The deadline for comments is June 15, according to the Federal Register notice. ORI “is working towards” issuing the guidance this summer, the HHS spokesperson said.
The RFI was “not prompted by a specific case,” but of a desire to offer institutions assistance that is current, according to the spokesperson.
“As the use of technology and laboratory record keeping evolves, ORI seeks to update the guidance, training, and technical assistance that we provide to institutions for handling allegations of research misconduct,” the spokesperson said. For example, the spokesperson noted that ORI has resources on its website under a page titled “Rapid Response for Technical Assistance,” which has links to tools that assist with forensic analysis of images.[7]
RRC asked ORI what percentage or number of cases do not lead to a misconduct finding because of problems with evidence, digital or otherwise.
“ORI believes the proportion of cases closed without a finding specifically due to issues with sequestration is a minority of cases,” the spokesperson said. “There are several reasons why a case may not result in a finding by ORI, such as when the alleged misconduct has been found to be the result of honest error, the laboratory’s records were insufficient to determine who was responsible for the alleged misconduct or when the alleged misconduct did not involve PHS funds.”
Indiana U. Paper Offers Strategies
The agency is “interested in learning what major challenges exist in the sequestration process and approaches to overcome them. Although ORI will accept comments on physical evidence, ORI is particularly interested in best practices in the sequestering of digital evidence,” the spokesperson said. “Digital evidence presents specific challenges that may not exist with physical research records. Many of these challenges are described in the RFI, including data storage, making forensic copies, or identifying sources for digital data.”

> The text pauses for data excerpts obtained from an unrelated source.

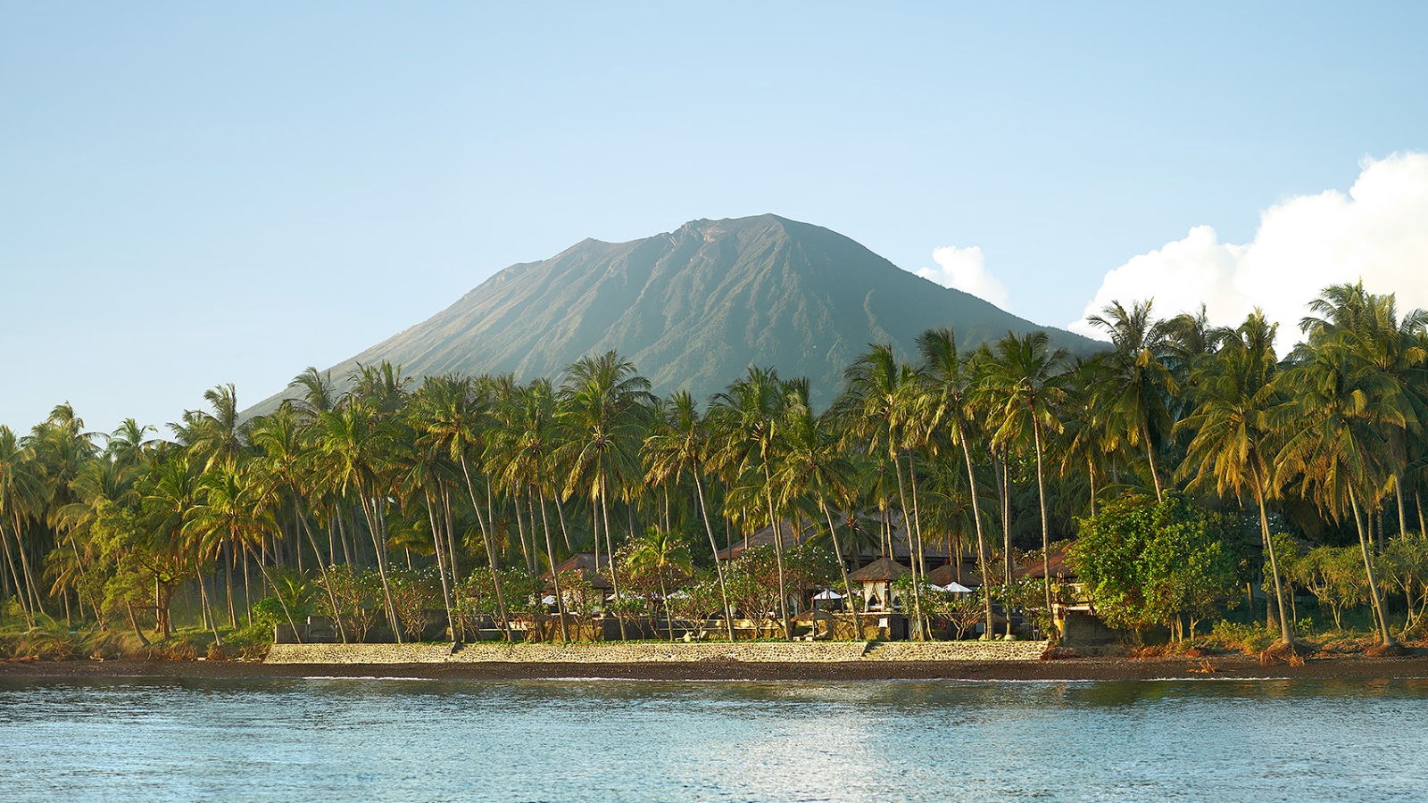 A Royal Balinese dinner at The Tempayan—which is covered with a thatched wantilan roof pavilion—follows the performance, with dishes such as sate lilit, green bean urap sayur salad, and bakwan jagung corn fritters carried in on the heads of kebaya-clad waitresses. The open-air restaurant is also where Singaporean Executive Chef Dean Nor can be found entertaining up to 10 diners with his five-course ‘Omakase at the Tempayan’ menu, during which he demonstrates his skills as both a raconteur and cook. Many of the ingredients that make an appearance are sourced from Indonesia, such as Surabayan edamame and wakame from Nusa Penida, or even closer from his on-site garden at the resort, which produces pomelos, cucumbers and roselle flowers.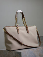 TRAVEL BAG 48 IN WHITE CANVAS AND BROWN LEATHER TRIM GOLD HARDWARE
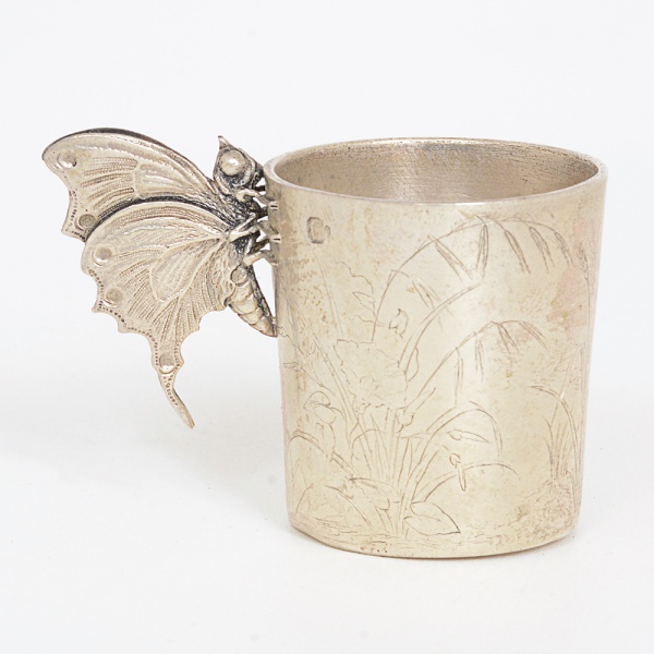 • PRATA FRANCESA, um (1) copinho ligeiramente obcônico, burilado em elementos vegetalistas, alça relevada emborboleta, punções: Cabeça de Minerva e marca do ourives parcialmente legível, possivelmente François Nicoud, Ativoem Paris no século XIX, medindo 4 cm altura, peso aproximado 43 gr., sinais de uso, vide foto.

In 2016, ORI provided a $50,000 award to Indiana University to fund a three-day conference, “Sequestration Analysis: Collaborative Institutional Approaches & White Collar Concerns.” ORI has not issued any materials resulting from this conference.
However, Indiana University produced an 11-page report that it submitted to ORI. The paper “highlights items to consider when discussing the sequestration process using three categories: Pre-Sequestration, During Sequestration, and Post Sequestration,” and the document “is intended to be living and breathing and revised as standards, regulations and technologies change.”